The Rev. Dana Prom Smith, S.T.D., Ph.D. (8/1/10)

Meine Überfrau, a gracious, warm-hearted, and vivacious woman, said to me over oatmeal one bright winter’s morning, "If I were chairman of a committee, I'd sure never pick you as member." She was referring, I believe, to my disposition to prefer my own company. As a high-flight extrovert, she sometimes takes umbrage at my introverted ways, as in, “Come on, say something!”

Gardening can be either an introverted experience or an extroverted one, witness Loni Shapiro’s gang of green thumbs at the Olivia White Hospice Gardens. It’s mostly introverted for me. An occasional passer-by or visitor is just fine. Company is great as long as I am left alone now and then in the garden.

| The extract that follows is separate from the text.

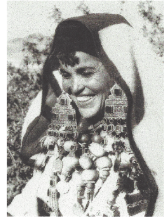
Idaw Nadif woman, Anti-Atlas Region, Morocco 1934-39

Please note that the gallery is on multiple levels and some stairs are involved.

The reason for my churlish behavior is simple. Gardening for me is my principal form of meditation. I cannot meditate sitting still as do some of my Buddhist friends, transfixed by a candle’s wavering flame. My mind gets diverted by my bum knee when kneeling. Besides, the customary stance in the Bible for prayer is standing up straight, a stance of dignity.

My physical body has to be active for my spiritual body to focus. It's not that I'm hyperactive. I'm actually lethargic and prone to sloth. It is pleasant physical activity, such as taking a shower, which relieves my consciousness of everyday existence so that I can experience the ordinary extraordinarily.

Rudolph Otto in Die Heilige called this experience a "mysterium tremdendum et fascinans," an experience that is at once awesome, mysterious, and compelling. Long ago I gave up trying to talk to flat-line thinkers, such as secularists, about spirituality. Now, I just get another glass of wine, shaking the dust from my feet, leaving them to their cynicism as I head for the hors d’oeuvres. If they want to live in a world without mystery, a world “weary, stale, flat, and unprofitable,” so be it, and a boring choice it is.

The chances are that when gardeners are alone working away in their gardens, they are meditating. It's something like driving on long stretches of a lonely highway. The mind is set free. The tasks of gardening aren't mind-bending. They’re simple once a person gets the hang of it. The real pleasure is not in clipping, spraying, digging, pinching, and planting, but in moving amongst beauty, feeling life slapping one's thigh, catching the faint, subtle aromas of life, and relishing the beauty of flowers, leaves, and even bark. As Gretchen said on watching seedlings sprout out of dry seeds, "I don't see how anyone could not believe in God if they watched this miracle."

Meditating is basically zoning out so that one can zero in. I found this out the several months I spent at a remote Augustinian monastery years ago. For several years, I had been on a spiritual quest to find a way to meditate that was congenial to me, and the Augustinian monastery was a stop on my journey that ended the journey. The monks walked around a courtyard garden chanting and invited me to participate. The more I participated, the freer was my mind to focus.

Their theology didn’t beguile me although I relished theological conversations with them. It was their method. I learned how to pray. And so it is with gardening. If someone wants to pray, the mind must be set free because prayer is at heart an experience beyond the pedestrian, a sense of a Presence, beguiling a person beyond the “dark backward and abysm” of the ordinary into the insurgency of eternity in an hour, infinity in the immediate, and a Presence in a moment.

Albert Einstein said it well, “The most beautiful and most profound emotion we can experience is the sensation of the mystical. It is the sower of all true art and science.”

What better place than a garden? It is not by chance that Jesus repaired to the Garden of Gethsemane to find his destiny. A garden frees our minds of the everyday clutter of obligations, ideologies, and certainties, and allows us to move into the mysteries that one must experience to be able to believe everything else or in anything at all.